Work request: Restate, in full and unchanged, the entries that follow, but not their pictures.

Data under study:
• • •

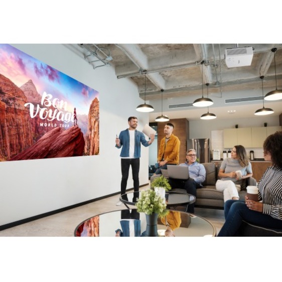 Deliver clear, striking images in well-lit open meeting spaces and classrooms from the smallest and lightest LCD laser projector in its class. High 7,000 lm brightness, 3,000,000:1 contrast, and vivid color creates an engaging presentation experience.
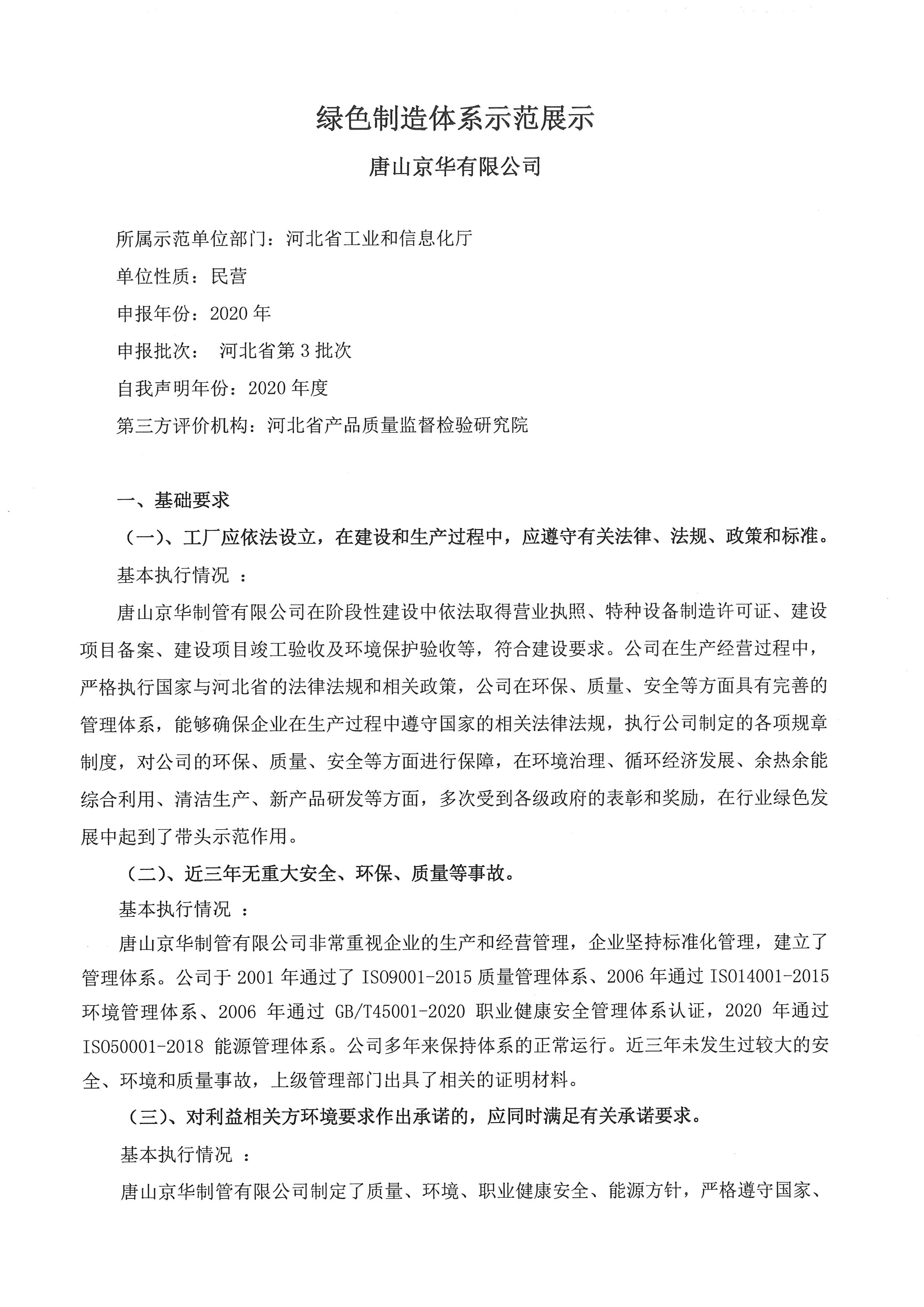 唐山京華制管有限公司2020年社會責(zé)任報告
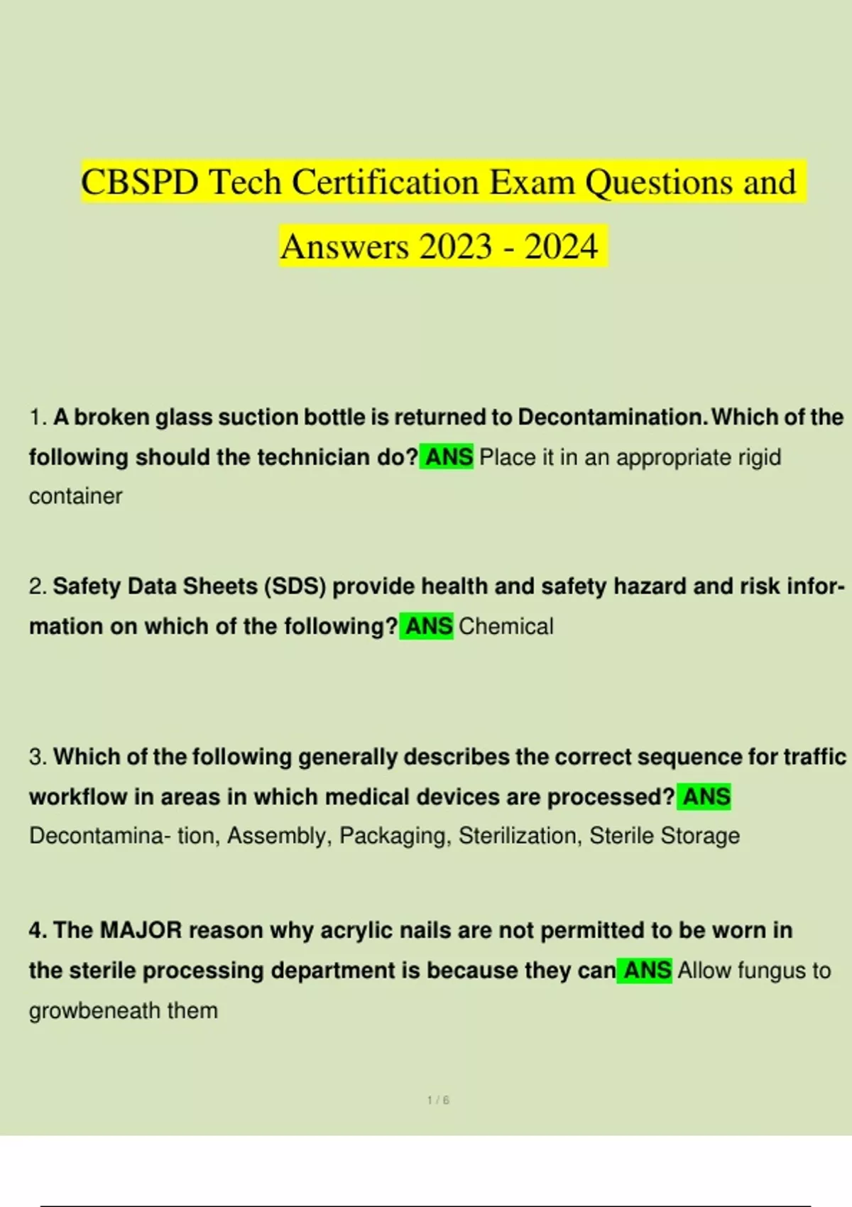 1. A broken glass suction bottle is returned to Decontamination.Which of the following should the technician do? ANS Place it in an appropriate rigid container 2. Safety Data Sheets (SDS) provide health and safety hazard and risk information on which of the following? ANS Chemical 3. Which of the following generally describes the correct sequence for traffic workflow in areas in which medical devices are processed? ANS Decontamina- tion, Assembly, Packaging, Sterilization, Sterile Storage 4. The MAJOR reason why acrylic nails are not permitted to be worn in the sterile processing department is because they can ANS Allow fungus to growbeneath them 2 / 6 5. Which of the following agencies would approve the disinfectants used on floors and walls in the Sterile Processing Department? ANS EnvironmentalProtection Agency (EPA) 6. Every healthcare facility has an organizational structure, or chart, that outlines ANS Departmental authority relationships 7. "Clean to dirty" is a sterile processing department term used to describeANS Work flow 8. What are the major physical areas of a typical Sterile Processing Department? ANS Decontamination, Assembly, Preparation and Packaging, Steriliza-tion, and Sterile Storage 9. Loose fitting clothing and jewelry should NOT be worn in sterile processing because it ANS Can get caught in moving equipment 10. Hair coverings are REQUIRED ANS In all areas of the department 11. Decontamination procedures ANS Reduce contamination to permit 3 / 6 reprocessedmedical devices to be sterilized 12. A patient contracts an infection from an improperly sterilized surgical instrument.This is an example of ANS A healthcare acquired infection
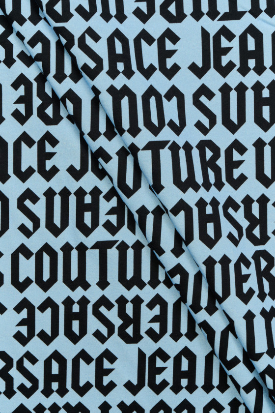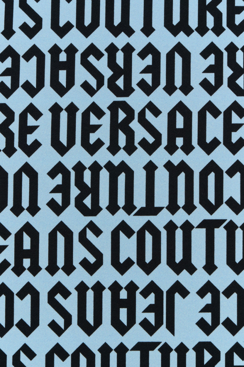 Italienischer Sweatshirt-Stoff aus 100 % Baumwolle mit einem Motiv aus schwarzen Inschriften auf blauem Hintergrund. Das Muster ist dicht und regelmäßig, die Buchstaben sind 4 cm hoch. Das Gestrick ist fleischig, weich, elastisch, matt und die linke Seite ist mit einem Flaum versehen. Ein fantastisches Angebot für Fans von signierten Stoffen, mit denen Sie Hosen, Sweatshirts und Tuniken nähen können.
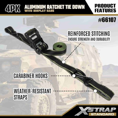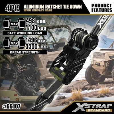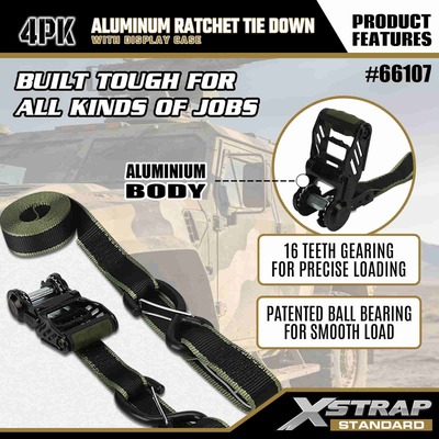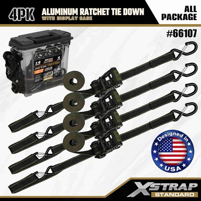 Xstrap 4-pakowy aluminiowy pasek do mocowania zapadkowy, 1-1/4” x 14” Poliestrowy pasek do mocowania z miękką pętlą, pasek zapadkowy do ciągnięcia, udźwig 1000 funtów Pasy zabezpieczające do mocowania ładunku z hakami zabezpieczającymi S do kontroli ładunku Pickup, SUV, Samochody Top Racks Motocykl.
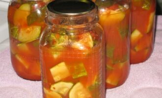Вкусный салат из кабачков в томатном соусе на зиму будет напоминать вам холодной зимой о солнечном лете.
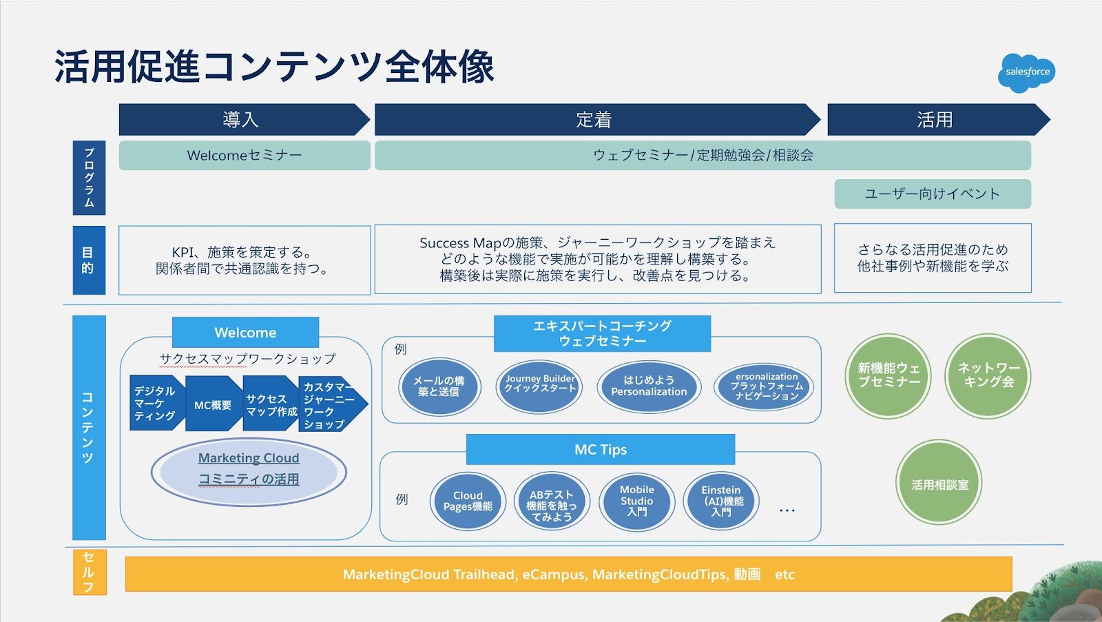 MC全体概要、Success Mapの策定、カスタマージャーニーワークショップの実施などを実施しており、契約いただいた後に一番初めに利用いただきたいコンテンツ。
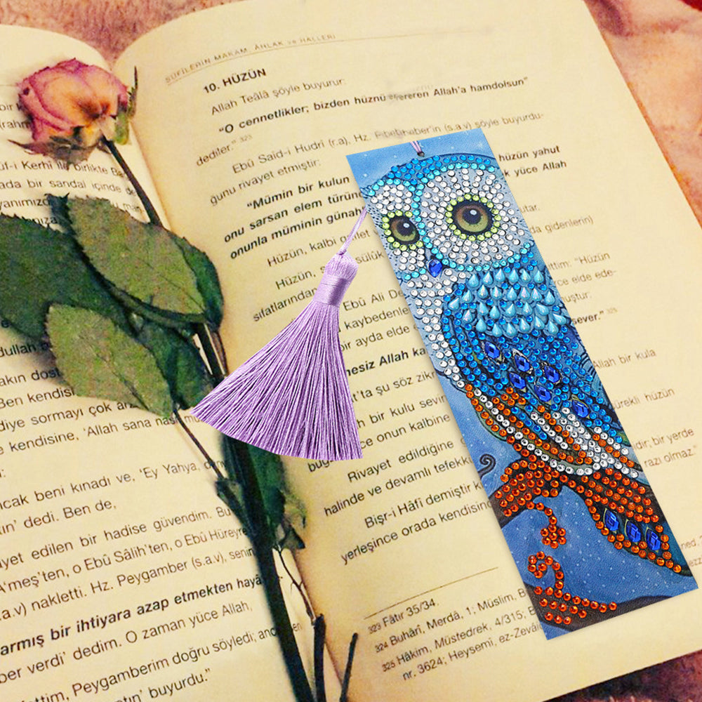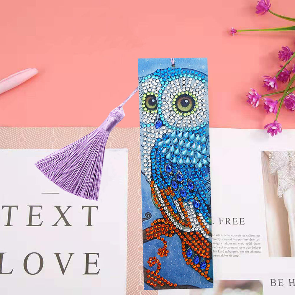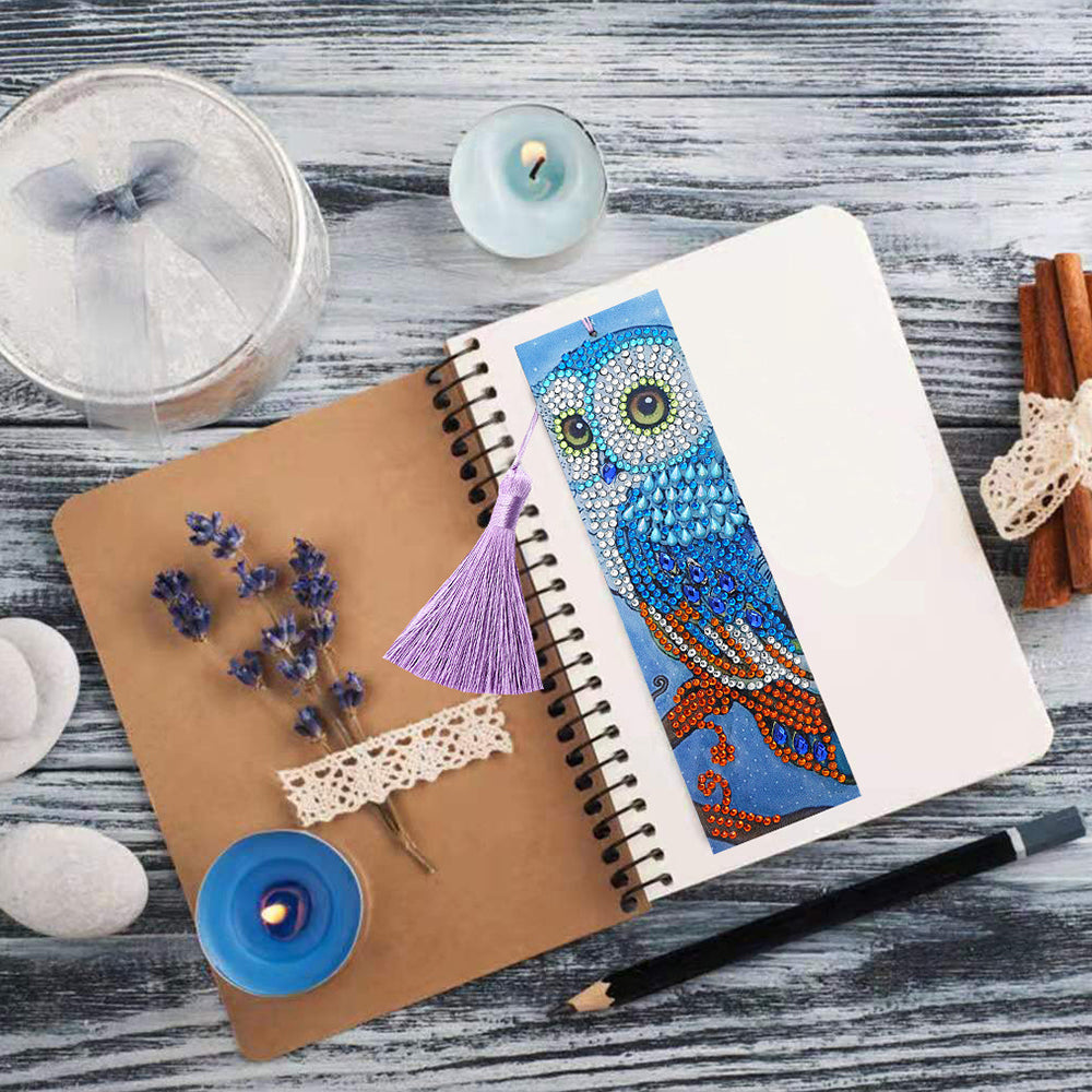 Blaue Eule Leder Lesezeichen Diamond Painting

• • •

Output:
 Deliver clear, striking images in well-lit open meeting spaces and classrooms from the smallest and lightest LCD laser projector in its class. High 7,000 lm brightness, 3,000,000:1 contrast, and vivid color creates an engaging presentation experience.
 唐山京華制管有限公司2020年社會責(zé)任報告
 1. A broken glass suction bottle is returned to Decontamination.Which of the following should the technician do? ANS Place it in an appropriate rigid container 2. Safety Data Sheets (SDS) provide health and safety hazard and risk information on which of the following? ANS Chemical 3. Which of the following generally describes the correct sequence for traffic workflow in areas in which medical devices are processed? ANS Decontamina- tion, Assembly, Packaging, Sterilization, Sterile Storage 4. The MAJOR reason why acrylic nails are not permitted to be worn in the sterile processing department is because they can ANS Allow fungus to growbeneath them 2 / 6 5. Which of the following agencies would approve the disinfectants used on floors and walls in the Sterile Processing Department? ANS EnvironmentalProtection Agency (EPA) 6. Every healthcare facility has an organizational structure, or chart, that outlines ANS Departmental authority relationships 7. "Clean to dirty" is a sterile processing department term used to describeANS Work flow 8. What are the major physical areas of a typical Sterile Processing Department? ANS Decontamination, Assembly, Preparation and Packaging, Steriliza-tion, and Sterile Storage 9. Loose fitting clothing and jewelry should NOT be worn in sterile processing because it ANS Can get caught in moving equipment 10. Hair coverings are REQUIRED ANS In all areas of the department 11. Decontamination procedures ANS Reduce contamination to permit 3 / 6 reprocessedmedical devices to be sterilized 12. A patient contracts an infection from an improperly sterilized surgical instrument.This is an example of ANS A healthcare acquired infection
 Italienischer Sweatshirt-Stoff aus 100 % Baumwolle mit einem Motiv aus schwarzen Inschriften auf blauem Hintergrund. Das Muster ist dicht und regelmäßig, die Buchstaben sind 4 cm hoch. Das Gestrick ist fleischig, weich, elastisch, matt und die linke Seite ist mit einem Flaum versehen. Ein fantastisches Angebot für Fans von signierten Stoffen, mit denen Sie Hosen, Sweatshirts und Tuniken nähen können.
 Xstrap 4-pakowy aluminiowy pasek do mocowania zapadkowy, 1-1/4” x 14” Poliestrowy pasek do mocowania z miękką pętlą, pasek zapadkowy do ciągnięcia, udźwig 1000 funtów Pasy zabezpieczające do mocowania ładunku z hakami zabezpieczającymi S do kontroli ładunku Pickup, SUV, Samochody Top Racks Motocykl.
Вкусный салат из кабачков в томатном соусе на зиму будет напоминать вам холодной зимой о солнечном лете.
 MC全体概要、Success Mapの策定、カスタマージャーニーワークショップの実施などを実施しており、契約いただいた後に一番初めに利用いただきたいコンテンツ。
 Blaue Eule Leder Lesezeichen Diamond Painting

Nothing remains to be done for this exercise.